**YOUR OBJECTIVE**.
Beneath this sentence is a listing. Return its lines from the one containing "This Fisher-Price bassinet" through the last, exactly, and omit the pictures.

**GIVEN RECORDS**.

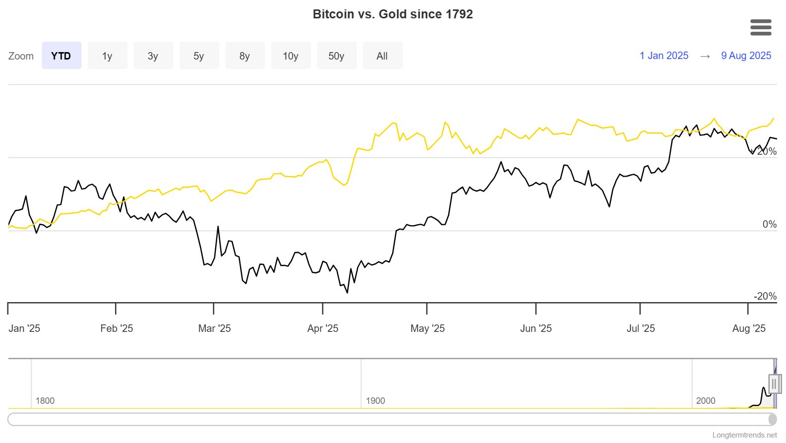 Theo Dow Jones Market Data, giá vàng tăng 30,8% từ đầu năm. Trong khi đó, tính đến ngày 9/8, Bitcoin tăng 25,1% từ đầu năm. Cả vàng và Bitcoin đều vượt trội so với chứng khoán Mỹ.
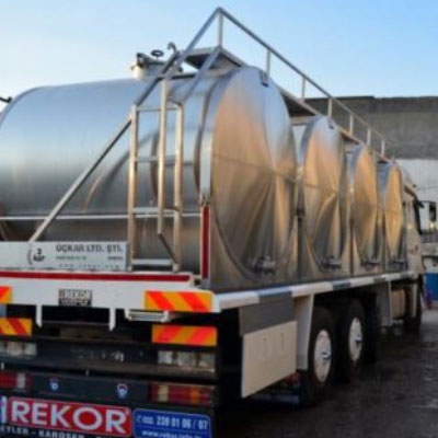 des camions et camionnettes avec réservoirs de châssis sont utilisés pour transférer les produits( Lait, lactosérum, etc.) des centres de collecte aux usines ou pour les collecter dans les villages, les mandiras, etc. İl est généralement isolé pour la protection de la chaîne du froid. Outre les productions standard, la production peut également être faite en fonction du tonnage et des caractéristiques demandées.Les véhicules peuvent être envoyés sans châssis, aussi bien que des montage peut être faites sur les véhicules à caisse .l’emplacement des réservoirs, de la ligne de CIP, du collecteur de décharge de produit et de la plate-forme de marche sont sont en montages. Après le dessin de projet et l’approbation de la TSE, le véhicule est prêt pour le visa. la production de réservoirs est également en cours pour les camions et vehicules quatre coins, coins ovales (faciles à nettoyer).Une unité arrière de collecte de lait numérique ou manuelle est également en cours d’installation sur demande.
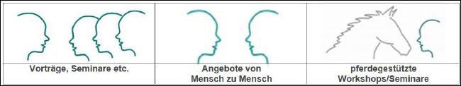 Anhand dieser drei Logos sehen Sie bei jedem unten stehenden Termineintrag um welchen Bereich es sich handelt: - Ein Seminar oder Vortrag für eine Gruppe von Menschen ohne Einbindung des Pferdes. - Ein Einzelangebot für das Coaching von Mensch zu Mensch oder - ein Angebot für Einzelpersonen oder Gruppen mit Einbindung des Pferdes.
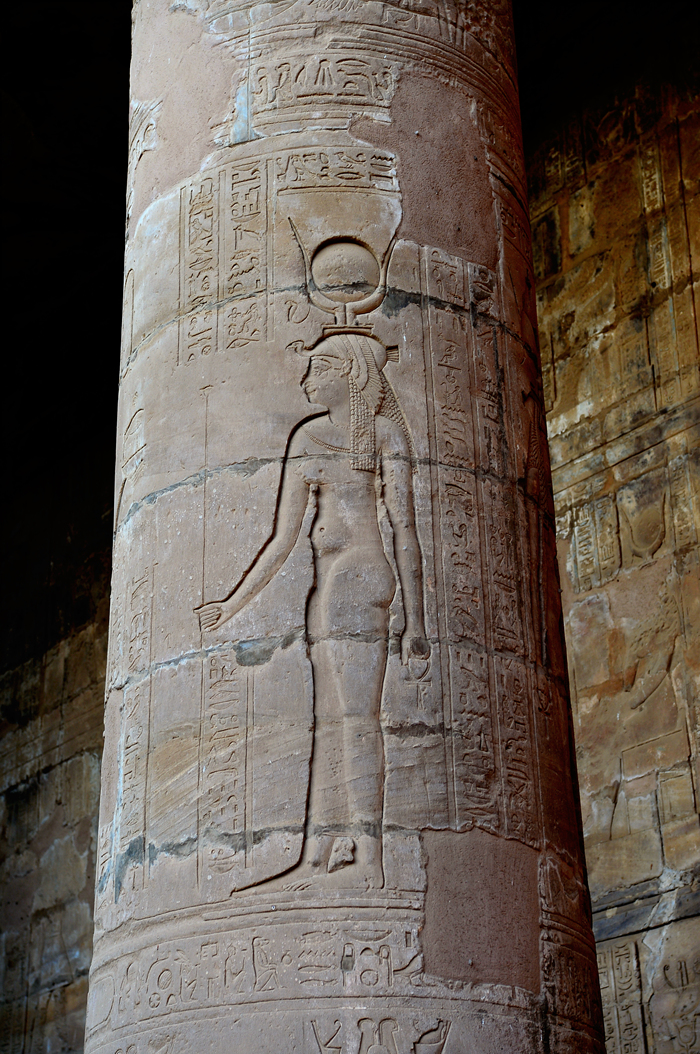 기둥에 새겨진 여신 하트호르의 아름다운 모습이다.
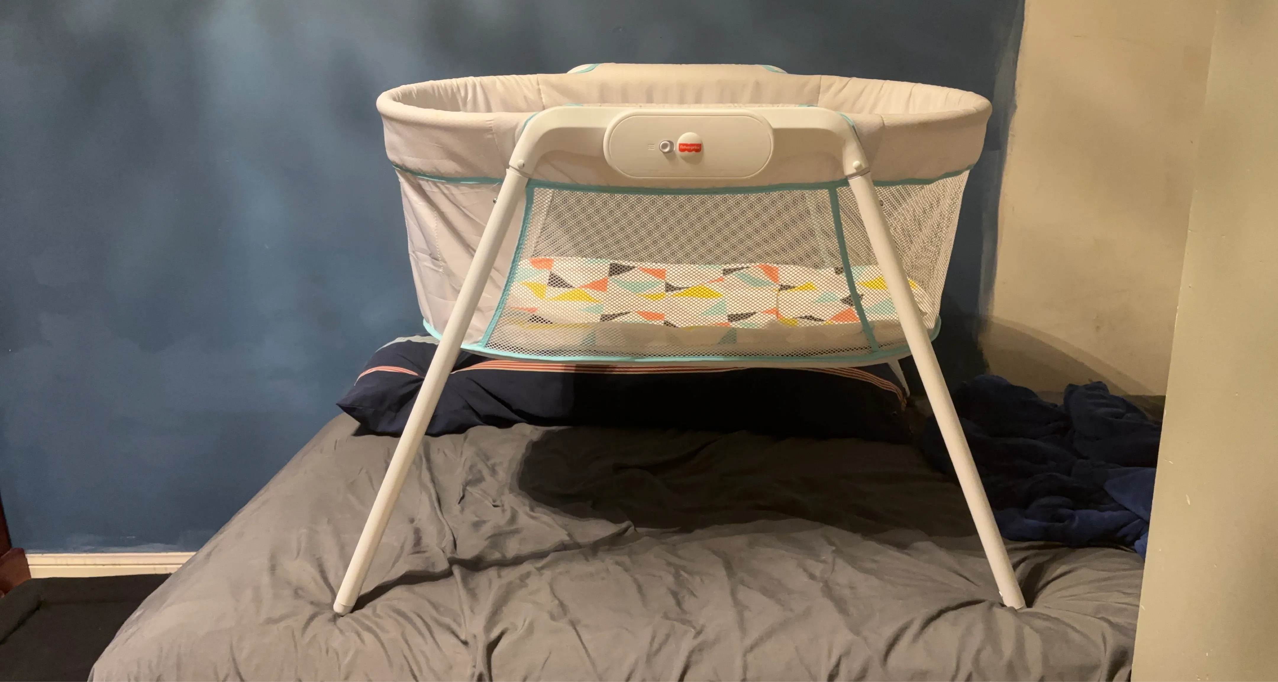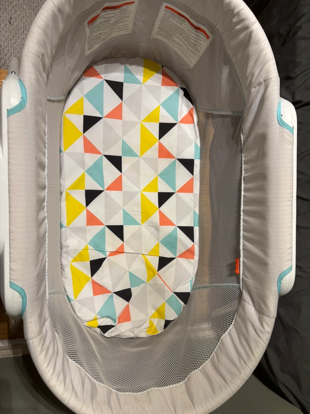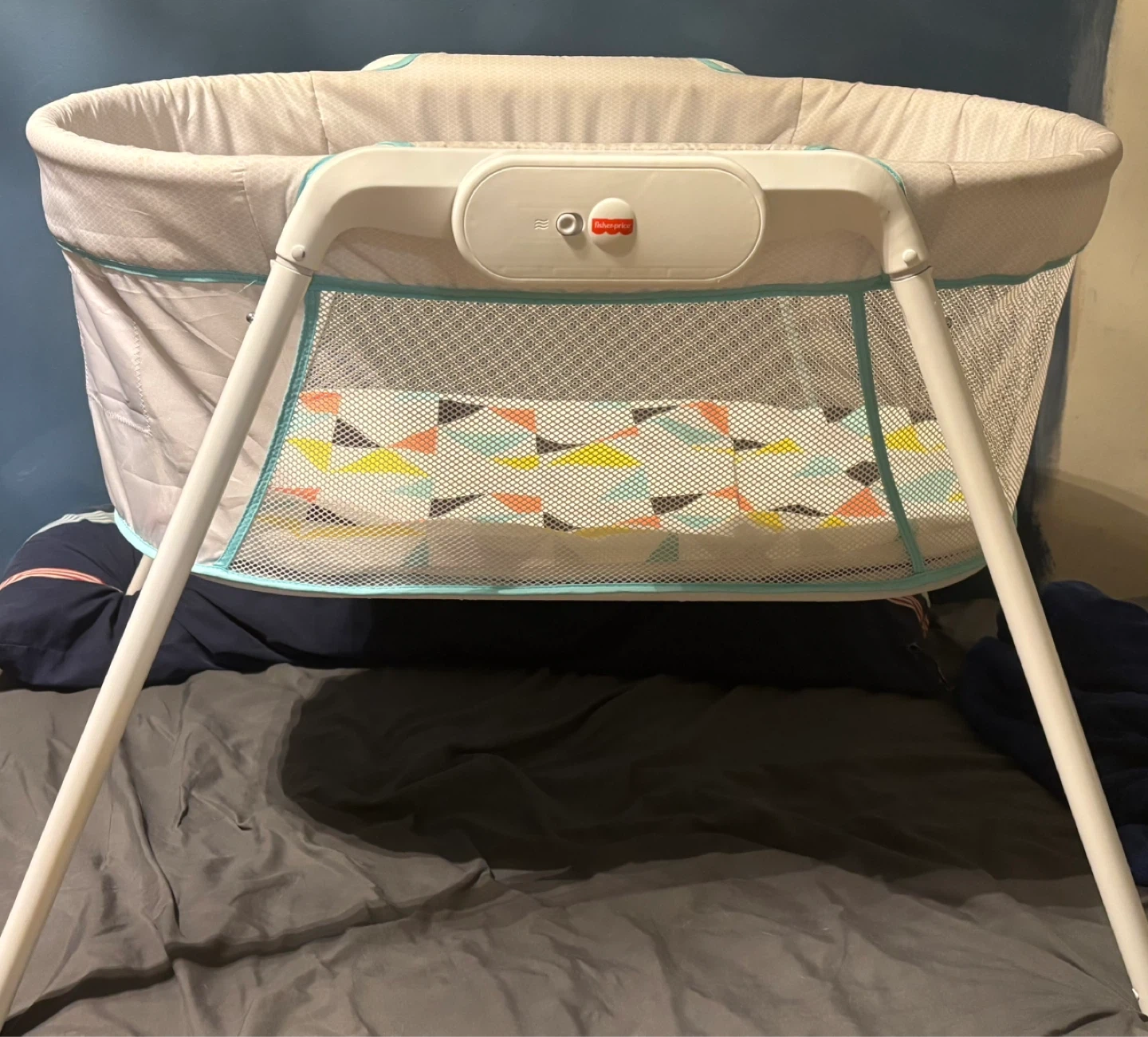 This Fisher-Price bassinet has a grey patterned fabric with teal trim. It features mesh sides for airflow and a colourful geometric-patterned mattress. Perfect for keeping your little one close by!
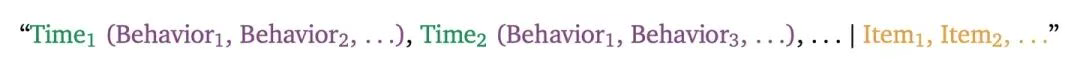 c. 对用户行为进行时间上和item级别的压缩:比如把固定时间段内的重复行为合并,把经常同时出现的item聚合在一起汇总行为序列等。最终的行为序列是下面的表达,是几个物品item1,item2,在不同时间段time1,tme2上的行为序列汇总,这样大幅压缩了原始序列的体积,同时保留了关键的item相关性和时间相关性的信息。

**EXPECTED OUTPUT**.
 This Fisher-Price bassinet has a grey patterned fabric with teal trim. It features mesh sides for airflow and a colourful geometric-patterned mattress. Perfect for keeping your little one close by!
 c. 对用户行为进行时间上和item级别的压缩:比如把固定时间段内的重复行为合并,把经常同时出现的item聚合在一起汇总行为序列等。最终的行为序列是下面的表达,是几个物品item1,item2,在不同时间段time1,tme2上的行为序列汇总,这样大幅压缩了原始序列的体积,同时保留了关键的item相关性和时间相关性的信息。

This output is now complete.